GIVEN RECORDS section start
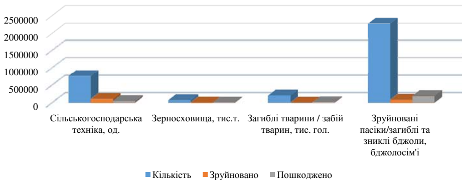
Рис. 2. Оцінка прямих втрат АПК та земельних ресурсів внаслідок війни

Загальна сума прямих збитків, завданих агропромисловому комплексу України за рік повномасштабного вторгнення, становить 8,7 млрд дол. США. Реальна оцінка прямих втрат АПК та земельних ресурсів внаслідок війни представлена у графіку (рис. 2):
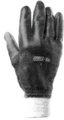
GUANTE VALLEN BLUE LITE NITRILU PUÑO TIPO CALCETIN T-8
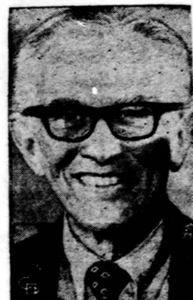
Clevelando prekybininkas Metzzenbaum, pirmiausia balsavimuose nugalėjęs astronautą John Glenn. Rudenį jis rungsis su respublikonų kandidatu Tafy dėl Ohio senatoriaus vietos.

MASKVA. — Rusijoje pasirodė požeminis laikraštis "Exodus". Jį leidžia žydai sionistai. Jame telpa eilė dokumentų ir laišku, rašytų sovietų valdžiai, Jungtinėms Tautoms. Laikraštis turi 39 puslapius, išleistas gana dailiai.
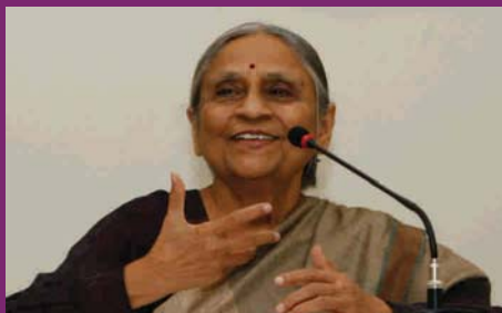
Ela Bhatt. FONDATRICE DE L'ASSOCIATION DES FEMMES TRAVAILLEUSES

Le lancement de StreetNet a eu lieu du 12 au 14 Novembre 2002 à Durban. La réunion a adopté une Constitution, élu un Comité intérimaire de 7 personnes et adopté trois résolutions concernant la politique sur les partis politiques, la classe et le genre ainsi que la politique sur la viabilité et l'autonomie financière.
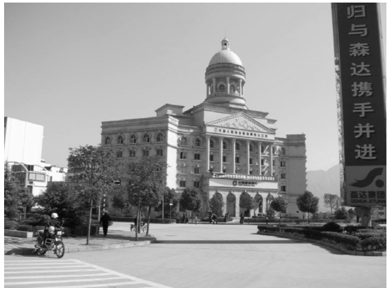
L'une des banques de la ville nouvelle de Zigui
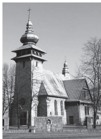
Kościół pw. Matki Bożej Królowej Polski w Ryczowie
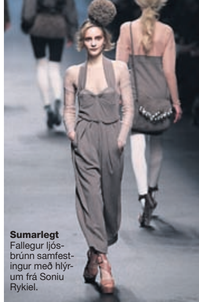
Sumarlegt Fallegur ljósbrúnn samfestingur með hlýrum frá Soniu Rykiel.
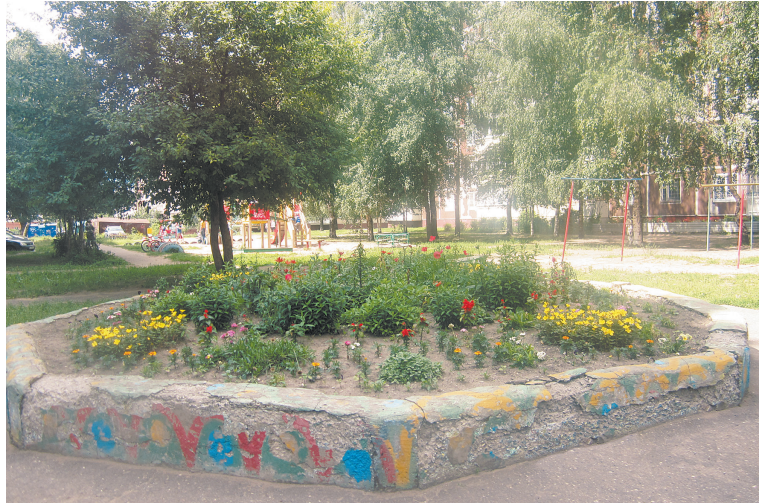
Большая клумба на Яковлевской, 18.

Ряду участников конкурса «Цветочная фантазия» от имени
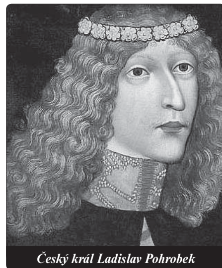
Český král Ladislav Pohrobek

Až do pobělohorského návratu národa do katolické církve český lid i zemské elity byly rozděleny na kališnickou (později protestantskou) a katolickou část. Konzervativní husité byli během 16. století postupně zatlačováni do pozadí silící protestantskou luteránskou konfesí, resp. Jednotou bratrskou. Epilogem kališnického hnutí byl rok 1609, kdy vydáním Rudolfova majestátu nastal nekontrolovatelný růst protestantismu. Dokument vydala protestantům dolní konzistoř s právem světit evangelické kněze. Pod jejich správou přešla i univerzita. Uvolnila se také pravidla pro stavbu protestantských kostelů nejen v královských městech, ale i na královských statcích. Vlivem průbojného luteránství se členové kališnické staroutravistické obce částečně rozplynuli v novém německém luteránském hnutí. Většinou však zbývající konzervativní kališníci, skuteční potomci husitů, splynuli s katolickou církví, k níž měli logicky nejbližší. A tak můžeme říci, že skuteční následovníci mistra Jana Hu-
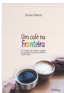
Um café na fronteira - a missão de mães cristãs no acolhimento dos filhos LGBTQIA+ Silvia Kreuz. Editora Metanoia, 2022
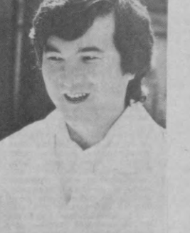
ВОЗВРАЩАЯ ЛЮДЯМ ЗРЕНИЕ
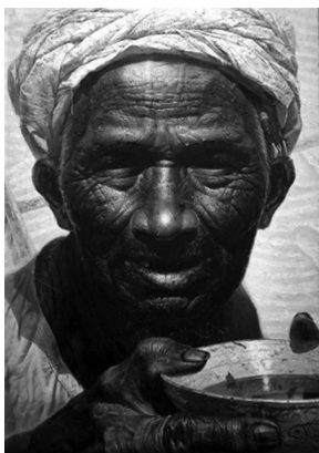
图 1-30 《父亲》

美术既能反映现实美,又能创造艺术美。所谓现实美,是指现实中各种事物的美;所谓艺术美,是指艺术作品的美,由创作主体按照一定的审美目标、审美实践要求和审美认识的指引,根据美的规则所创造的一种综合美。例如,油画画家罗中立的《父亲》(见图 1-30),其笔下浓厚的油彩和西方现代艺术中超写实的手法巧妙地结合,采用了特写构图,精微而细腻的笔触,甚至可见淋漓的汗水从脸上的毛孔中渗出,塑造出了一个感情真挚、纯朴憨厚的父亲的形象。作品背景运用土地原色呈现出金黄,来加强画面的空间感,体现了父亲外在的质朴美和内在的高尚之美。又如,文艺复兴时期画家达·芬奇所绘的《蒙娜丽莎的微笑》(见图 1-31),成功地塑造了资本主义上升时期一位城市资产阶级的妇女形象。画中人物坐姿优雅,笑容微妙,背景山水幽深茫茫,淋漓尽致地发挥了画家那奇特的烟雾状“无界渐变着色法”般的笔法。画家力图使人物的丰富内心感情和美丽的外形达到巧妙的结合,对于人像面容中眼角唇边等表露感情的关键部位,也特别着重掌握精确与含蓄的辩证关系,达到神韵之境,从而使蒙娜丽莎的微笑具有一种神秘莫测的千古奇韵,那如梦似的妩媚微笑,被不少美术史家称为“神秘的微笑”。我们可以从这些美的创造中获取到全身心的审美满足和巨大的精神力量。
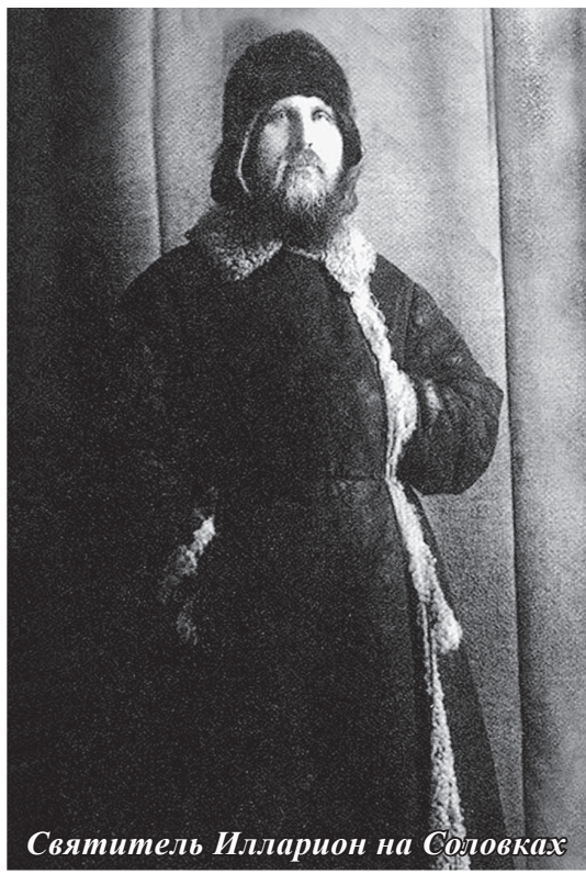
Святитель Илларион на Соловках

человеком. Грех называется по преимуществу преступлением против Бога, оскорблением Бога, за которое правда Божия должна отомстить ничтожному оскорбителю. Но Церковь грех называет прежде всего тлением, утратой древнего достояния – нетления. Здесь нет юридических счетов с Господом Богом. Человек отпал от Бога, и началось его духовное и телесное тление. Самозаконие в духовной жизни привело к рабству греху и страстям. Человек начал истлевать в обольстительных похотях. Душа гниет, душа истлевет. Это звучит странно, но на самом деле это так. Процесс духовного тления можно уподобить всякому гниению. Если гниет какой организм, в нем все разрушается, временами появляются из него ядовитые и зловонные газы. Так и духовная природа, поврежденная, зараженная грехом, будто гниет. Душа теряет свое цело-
GIVEN RECORDS section end
_PROMPT_. From the first line through the line with "Český král Ladislav Pohrobek", output those lines of the entries above exactly, and nothing else, with the pictures left out.

_RESPONSE_.
Рис. 2. Оцінка прямих втрат АПК та земельних ресурсів внаслідок війни

Загальна сума прямих збитків, завданих агропромисловому комплексу України за рік повномасштабного вторгнення, становить 8,7 млрд дол. США. Реальна оцінка прямих втрат АПК та земельних ресурсів внаслідок війни представлена у графіку (рис. 2):
GUANTE VALLEN BLUE LITE NITRILU PUÑO TIPO CALCETIN T-8
Clevelando prekybininkas Metzzenbaum, pirmiausia balsavimuose nugalėjęs astronautą John Glenn. Rudenį jis rungsis su respublikonų kandidatu Tafy dėl Ohio senatoriaus vietos.

MASKVA. — Rusijoje pasirodė požeminis laikraštis "Exodus". Jį leidžia žydai sionistai. Jame telpa eilė dokumentų ir laišku, rašytų sovietų valdžiai, Jungtinėms Tautoms. Laikraštis turi 39 puslapius, išleistas gana dailiai.
Ela Bhatt. FONDATRICE DE L'ASSOCIATION DES FEMMES TRAVAILLEUSES

Le lancement de StreetNet a eu lieu du 12 au 14 Novembre 2002 à Durban. La réunion a adopté une Constitution, élu un Comité intérimaire de 7 personnes et adopté trois résolutions concernant la politique sur les partis politiques, la classe et le genre ainsi que la politique sur la viabilité et l'autonomie financière.
L'une des banques de la ville nouvelle de Zigui
Kościół pw. Matki Bożej Królowej Polski w Ryczowie
Sumarlegt Fallegur ljósbrúnn samfestingur með hlýrum frá Soniu Rykiel.
Большая клумба на Яковлевской, 18.

Ряду участников конкурса «Цветочная фантазия» от имени
Český král Ladislav Pohrobek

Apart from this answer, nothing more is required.